Want Career Success? Then Stay Out Of the ‘Buffet Line’

What does it mean to get stuck in "the buffet line"? Rita Mitchell talks business ethics and career advancement with an example from the classroom

buffet line
(Image: iStock.com/GoodLifeStudio)

Here is another life changing concept from the great Coach Mitchell. As an elementary-middle school physical education teacher and coach, my husband, over the course of his career, had the privilege of teaching thousands of children. Not only did he teach and coach students, but as you can imagine he also taught life lessons. One of the great life lessons that resonated with me was the concept of “staying out of the buffet line.”

Being “in the buffet line” is likening an individual displaying “inappropriate behavior” with a food item in a restaurant buffet. The concept originated when Coach Mitchell started his teaching career over 40 years ago. He would occasionally have groups of students misbehave in his classroom. Of course, as a teacher managing a classroom of 30 to 60 students, it was very difficult to identify every disruptive child. However, he could easily identify the ringleader and a few others who were in the middle of stirring things up. In those cases, the singled-out child would always complain that “he was not the only one misbehaving, AND it was unfair to be punished when everyone else was getting a pass.” Coach decided to take this opportunity to teach the children to stand up to the peer pressure and to learn to choose independently of others. Thus, the concept of “staying out of the buffet line” was born.

At the very next group incident, Coach Mitchell picked the ringleader out of the group for individual punishment. The child, of course, complained again of how unfair it was to be the only one selected, when there were so many others also doing the same thing. Coach Mitchell asked the child in front of the entire class if he had ever eaten in a restaurant that had a buffet. The child immediately responded “OH YEAH!!!!!” Coach Mitchell then began to explain to the child that he, the student, was now a food item on the buffet line. As someone misbehaving in class, he was now on the menu. Coach Mitchell was now in the buffet line, ready to fill his plate, which meant that Coach could choose to pick one food item, two food items, or everything on the buffet. He could also decide to have one serving or he could decide to go back for seconds. Hey, it’s a buffet…OH YEAH!!! His plate, his choice; a little, or a lot. There was dead silence. Coach Mitchell was able to get his point across to the children; their responsibility was to do their best, to learn, and to work very hard to stay out of the buffet, vis-à-vis out of trouble. This concept resonated instantly with the children. They changed their behavior, because the message was simple, understood, and unchallengeable.

Now, let me tell you how “staying out of the buffet line” resonates with me.

Working in a corporate environment gives each person the opportunity to work in “gray space.” What does operating in “gray space” mean? It means that you, as an individual, will have plenty of opportunities to make questionable decisions and/or choose to advance your career in a not so straight and narrow fashion.
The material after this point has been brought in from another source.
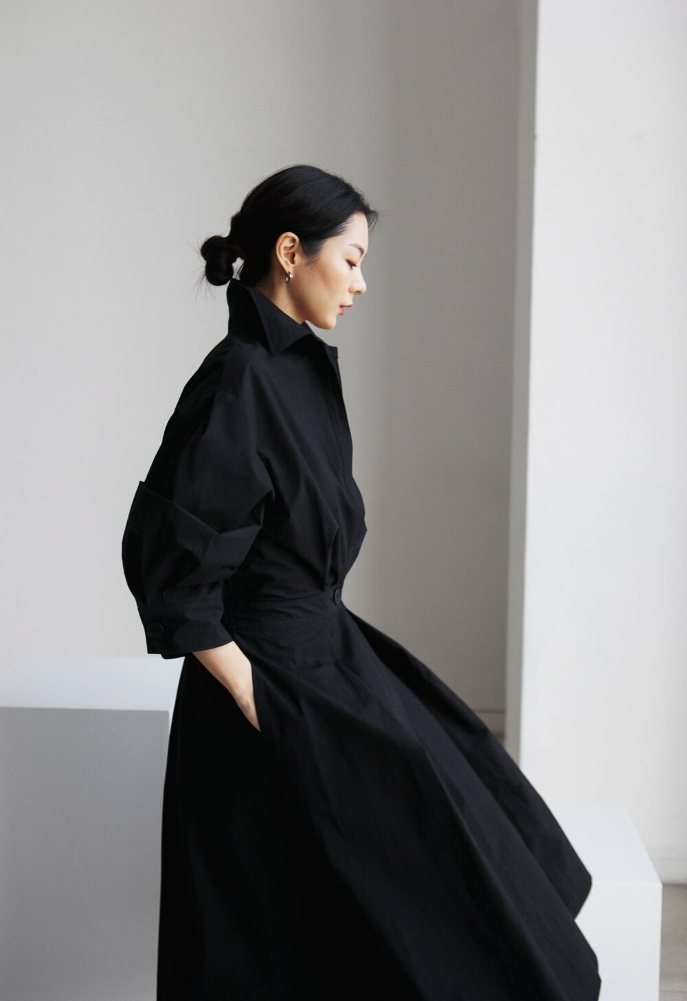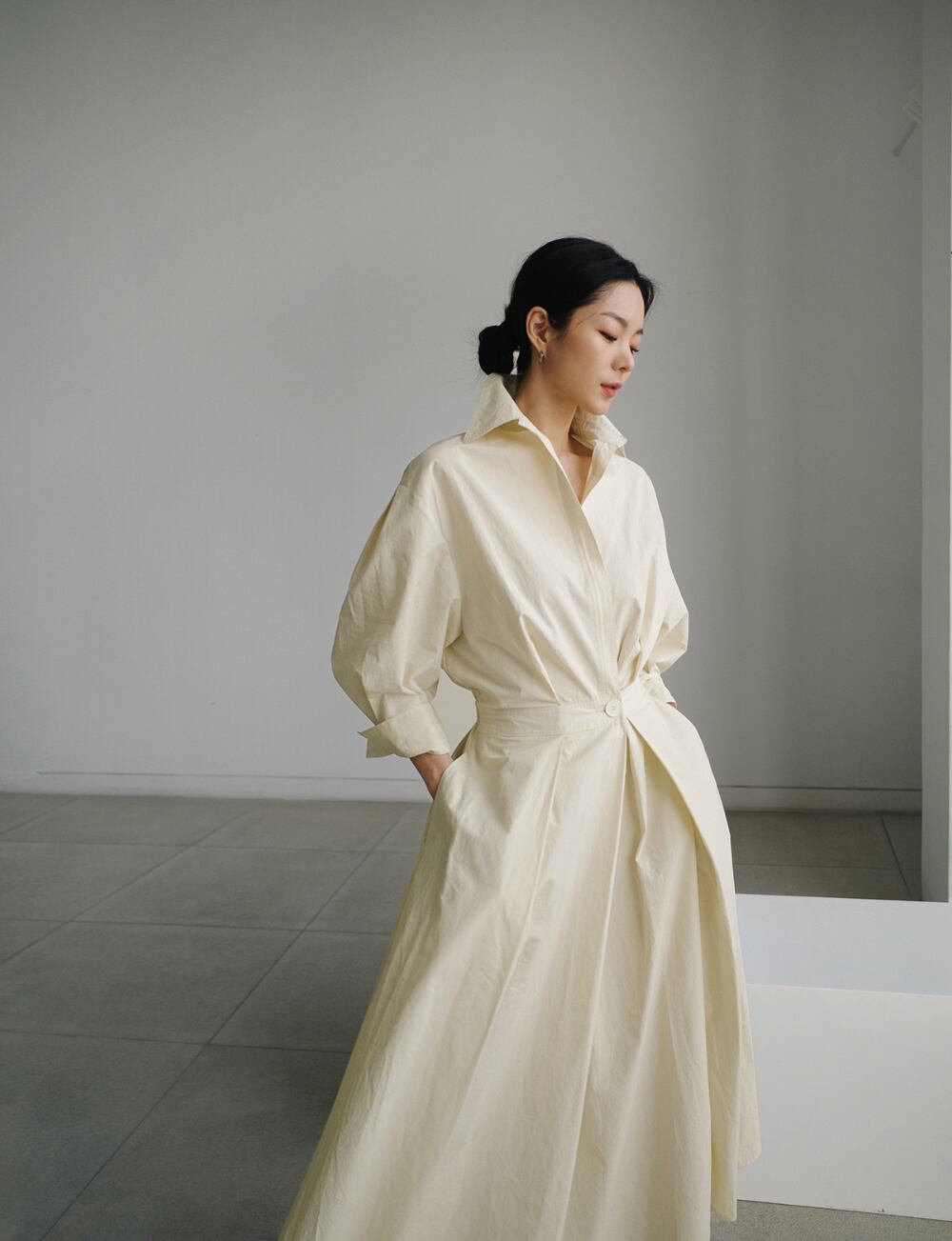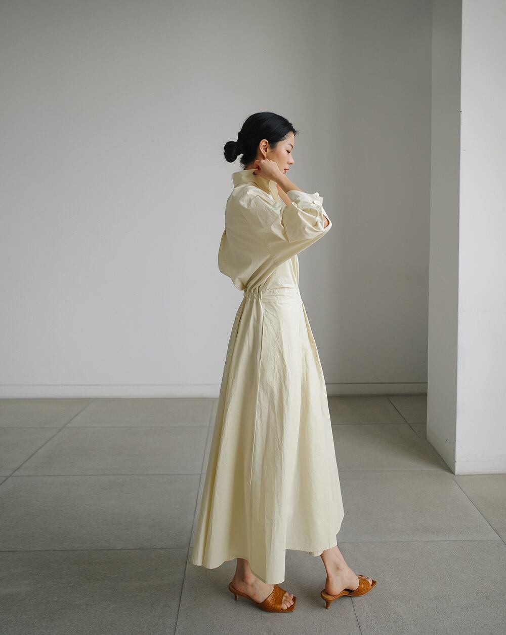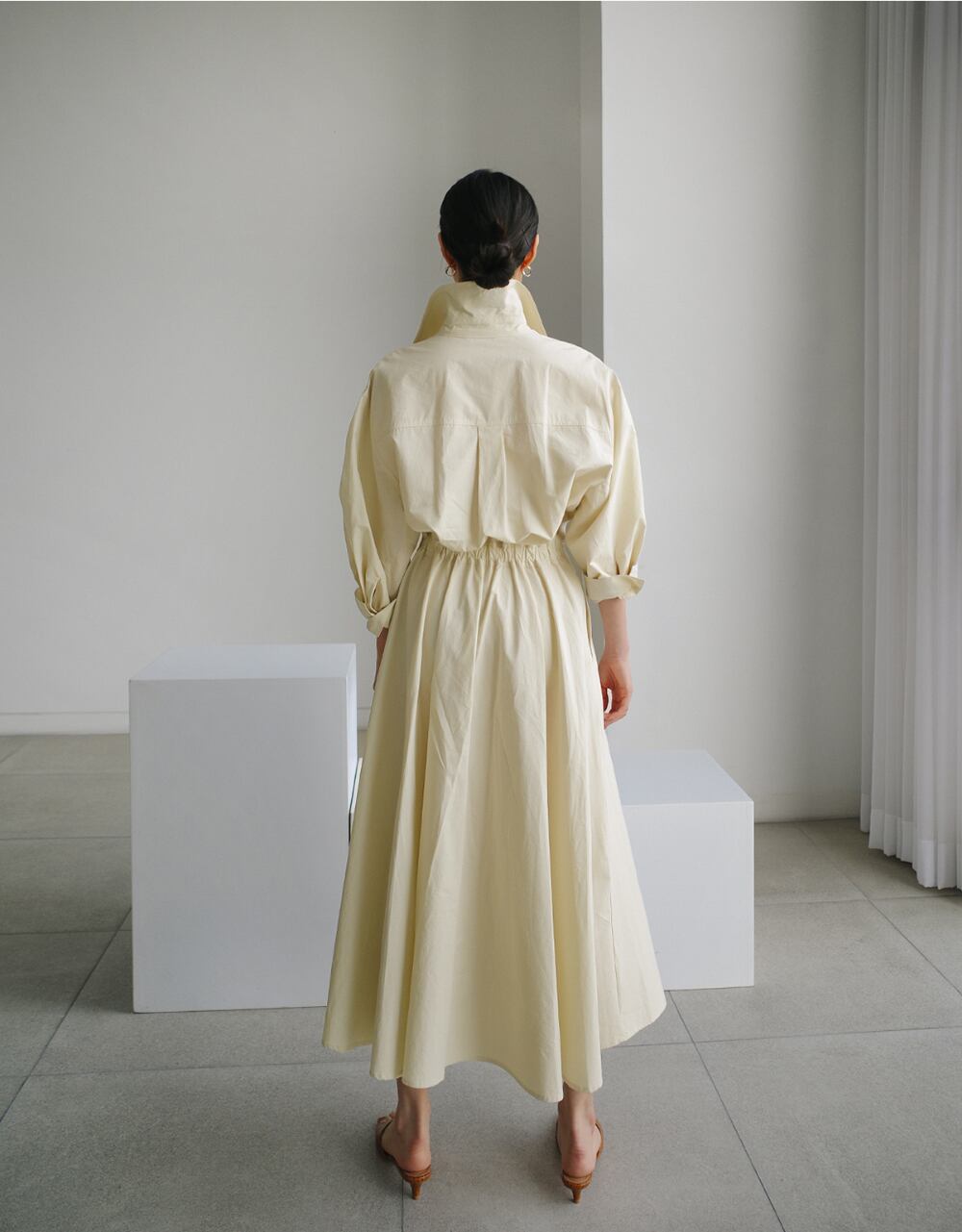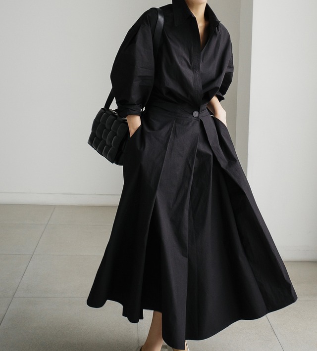 ボックスプリーツのふんわりとしたボリューム感が華やかさを演出し、シックなシャツ仕立てが大人の魅力を引き立てます。膝下の長さで上品さとリラックス感を両立し、カジュアルやきれいめコーディネートにぴったりです。デートやお出かけ、旅行など、さまざまなシーンで主役級の存在感を発揮します。

The pressure of obtaining success, and how you choose to execute your strategies of advancement can lead you straight to the buffet line, if you are not careful and wise. You can be singled out with consequences, regardless of whether others are doing it too.

Don’t be confused—there will be a multitude of opportunities to make wrong and unethical decisions. There will also be plenty of opportunities to categorize some of these decisions as not really being wrong or unethical, but being very, very close to the line or “gray space.” I call those decisions the big, almost bad, but not really that bad options.

Newsflash: There is no such thing as almost, and it will land you in the buffet line. If you land there, your boss, for all practical purposes, is now Coach Mitchell, deciding how to fill his plate; he can choose you as a food item, or he can pass you up. His plate, his choice!!

Here are my corporate takeaways:

  1. You must maintain your own moral and ethical compass and not succumb to peer pressure. We all know the difference between right and wrong; it is inherent and in each one of us. So, if you hear your inner voice telling you that the decision that you are about to make is questionable, stop, listen, and weigh the decision again. Make sure it is the right thing to do.
  2. There is no such thing as a “little” wrong thing. Doing the wrong thing is like a cancer in the body. It grows and consumes what is healthy and good—definitely an item in the buffet line.
  3. Politics are not enough to win. Don’t base your success on who likes you and how much perceived power they have; it works, until it does not. Your performance, integrity, and metrics of success should stand alone, and will help you to stay out of the buffet line, when politics or people change.

Right is right and wrong is wrong. Choosing to operate in the “gray space” gives your boss the power to decide your consequences. Honesty, hard work, integrity, and a determination to succeed will give you the very best chance to avoid becoming an item in the buffet line.